Hey, I wonder if it is possible to define a pool layer which output the median value over an specific area instead of max value or mean value only using available pytorch app function? I think this would be helpful but I have no idea how to implement it. Can you help me with some advice? Thank you!!!
If you’re on images (or chw in general) you can use torch.nn.Fold/Unfold to arrange the items you want to pool along one dimension, do your pooling, and then rearrange back.

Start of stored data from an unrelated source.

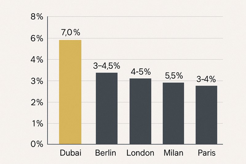 Takeaway: Even top European markets struggle to reach the mid-single-digit yields that are standard in Dubai.
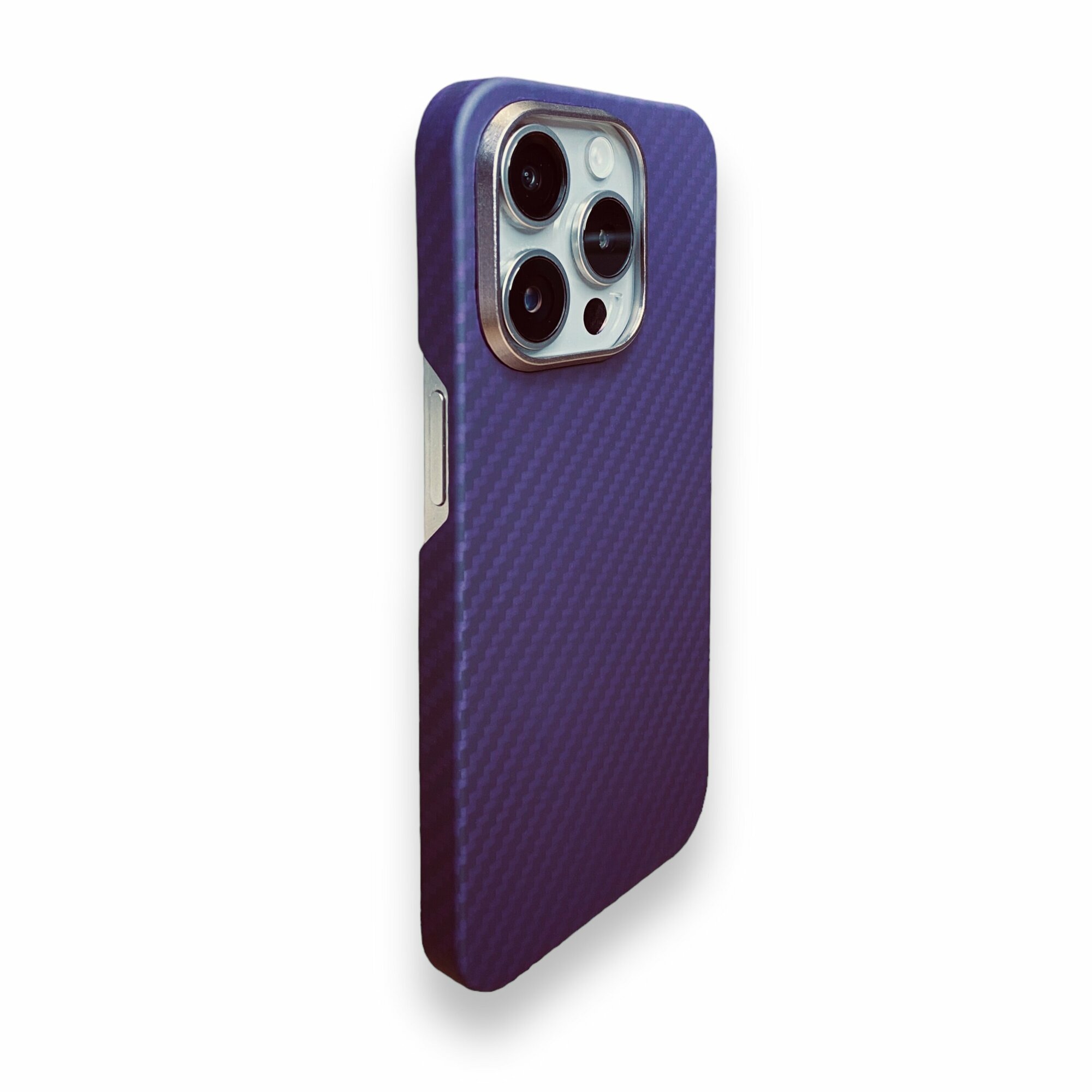 Купить Чехол карбоновый для iPhone 15 pro Max (MagSafe) Кевларовый из арамидного волокна, ультратонкий, сверхпрочный. Фиолетовый/Черный
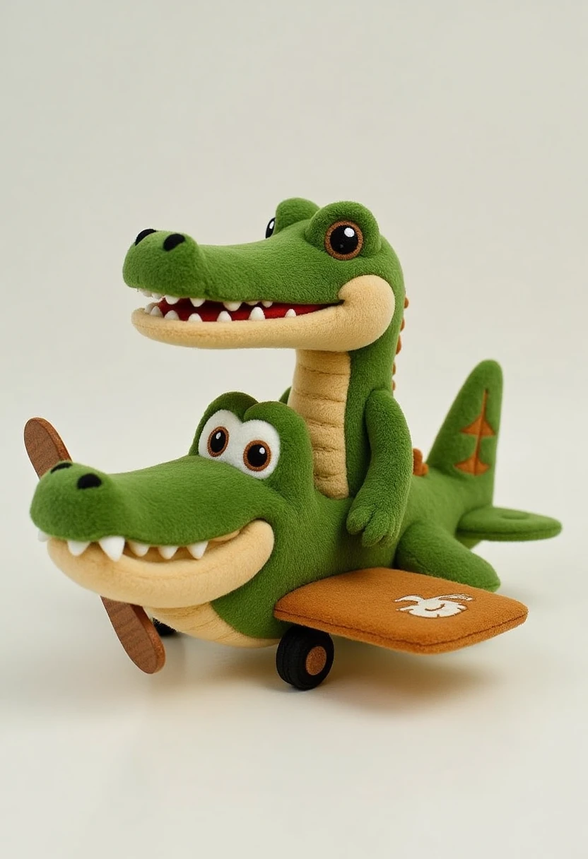 3D cartoon animal models, crocodile - plane hybrid, green and brown, aircraft details, cute crocodile face, plush material.

It’s not terribly fast, but you can always optimize when its working for you.
Best regards
Thomas
Hi
If it can help, I think a simple implementation of the median pooling using fold/unfold can be
import torch as th
import torch.nn as thNn
import torch.nn.functional as thFn
import math
def unpack_param_2d(param):
try:
p_H, p_W = param[0], param[1]
except:
p_H, p_W = param, param
return p_H, p_W
def median_pool_2d(input, kernel_size, stride, padding, dilation):
#Input should be 4D (BCHW)
assert(input.dim() == 4)
#Get input dimensions
b_size, c_size, h_size, w_size = input.size()
#Get input parameters
k_H, k_W = unpack_param_2d(kernel_size)
s_H, s_W = unpack_param_2d( stride)
p_H, p_W = unpack_param_2d( padding)
d_H, d_W = unpack_param_2d( dilation)
#First we unfold all the (kernel_size x kernel_size) patches
unf_input = thFn.unfold(input, kernel_size, dilation, padding, stride)
#Reshape it so that each patch is a column
row_unf_input = unf_input.reshape(b_size, c_size, k_H*k_W, -1)
#Apply median operation along the columns for each channel separately
med_unf_input, med_unf_indexes = th.median(row_unf_input, dim = 2, keepdim=True)
#Restore original shape
out_W = math.floor(((w_size + (2 * p_W) - (d_W * (k_W - 1)) - 1) / s_W) + 1)
out_H = math.floor(((h_size + (2 * p_H) - (d_H * (k_H - 1)) - 1) / s_H) + 1)
return med_unf_input.reshape(b_size, c_size, out_H, out_W)
1 Like
Thank you very much, it works:+1:
Thank you for your advice